Görevlilere ikram paketlerinin bize teslim edilmesini rica ediyorum. Hiç zorluk çıkarmadan torbayı elime tutuşturuyorlar. Üç kişi bu yiyecekleri dağıtmak için gelsin diyorum. Yiyecekler dağıtılıyor. Aslında imkânsız olduğunu bilen bir muzip “sigara da serbest mi” diyor. “Şu andan itibaren uçak kalkıncaya kadar, yani saat dörde kadar buranın yönetimini biz devraldık. Her şey serbest, yasaklar bitmiştir. Sigaralar keyifle tüttürülmeye başlandı. Sivil kılıklıların hareketi de arttı. Birisi yarı alaycı bir tavırla “ ooo, diyor çok hızlısın”. “Siz de diyorum çok yavaşsınız. Müdahale ederseniz önüne geçemeyeceğiniz olaylar olur, müdürleriniz de bu olaylara sebebiyet verdiğiniz için sizi sürerler, rahatınız kaçar…Yolculardan birkaç kişi sivil kılıklı polislere müdahale edecek oldu, izin vermedim.

“Arkadaşlar şimdi sessiz olun. İçinizde elektrikçi, elektronikçi olan arkadaş var mı”… Bir elektrik teknisyeni, bir elektrik/elektronik mühendisi parmak kaldırıyor. Bilgisayar kullanmayı bilenleri soruyorum, maşallah neredeyse bilmeyen hiç yok, birkaç kişi dışında.

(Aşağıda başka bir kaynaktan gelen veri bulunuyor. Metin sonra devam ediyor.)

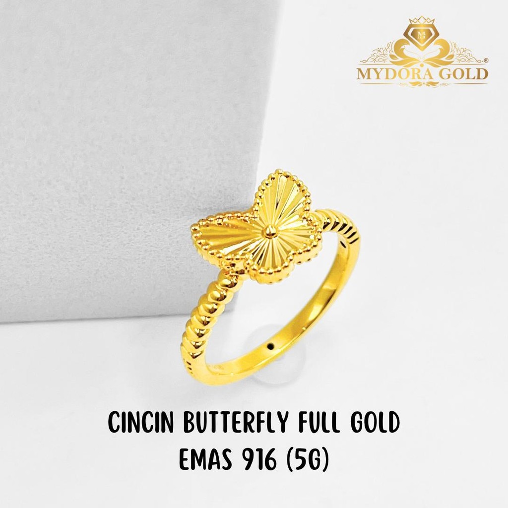 Cincin Butterfly Full Gold (5G Technology -Hollow Ring)

Şimdi iş bölümümüz şu: önce saat dörde kadar hiçbir olumsuz hareket yapmayacağız. Şayet uçak en geç saat dörtte uçuşa hazır olmazsa Planlarını bozacağız. Sabah biletlerini sattırmayacağız. Ben aşağıdaki bilet gişelerini saydım, tamı tamına yirmi altı bilet satış gişesi var. Bilgi sayar kullanmayı bilen yirmi altı arkadaşımız saat dörtten itibaren bilet gişesinde memur/memure olarak yerlerini alacaklar. Gelen müşterilere bilet satışı yapılmayacak. Muhtemelen müdahale edecekler. Elektrik teknisyeni ve elektronikçi arkadaşlar yerlerini alacaklar. Bir müdahale anında elektrik devreleri kesilecek, sistem işlemez hale getirilecek.

Bunun adı işgaldir. Havaalanını işgal ediyoruz, şimdiden başlamıştır. Başaracağız. Cesaret ve yeteneğimiz var. Uğultular, çığlıklar… varız, varız…

Pencerelerden dışarıyı izlemeye çalışıyorum. Polis araçları bir biri peşi sıra hava alanına giriyor. Resmi giysili bir polis bana yöneliyor. Ona söyleyeceği sözü söylemesine fırsat bırakmadan en küçük müdahalede burayı dağıtacağımızı söylüyorum. O ana kadar en sessizlerimizden birisi yanıma yaklaşıyor, kimliğini çıkarıp polise gösteriyor,  Sakın haa, der gibi başını sallayarak “Gazeteciyim, en küçük bir müdahalenizde hepinizi rezil ederim”…

Saat dörde yaklaştı. Hareket başladı. Herkese ne yapacağını yeniden anlatıyorum. Bir anons... “Filanca yolcuları, sıfır dört uçağı kalkışa hazırdır, lütfen yolcular uçağa geçmek için biniş kapısına gelsinler”…

Sevgili arkadaşım diyorum, kitlelerin sessizliği sabır sınırına kadardır ama asla sonsuz değildir.

Burada gördüğün dünyayı umursamaz görünen kalabalıklar emin ol son anonsu bekliyorlar.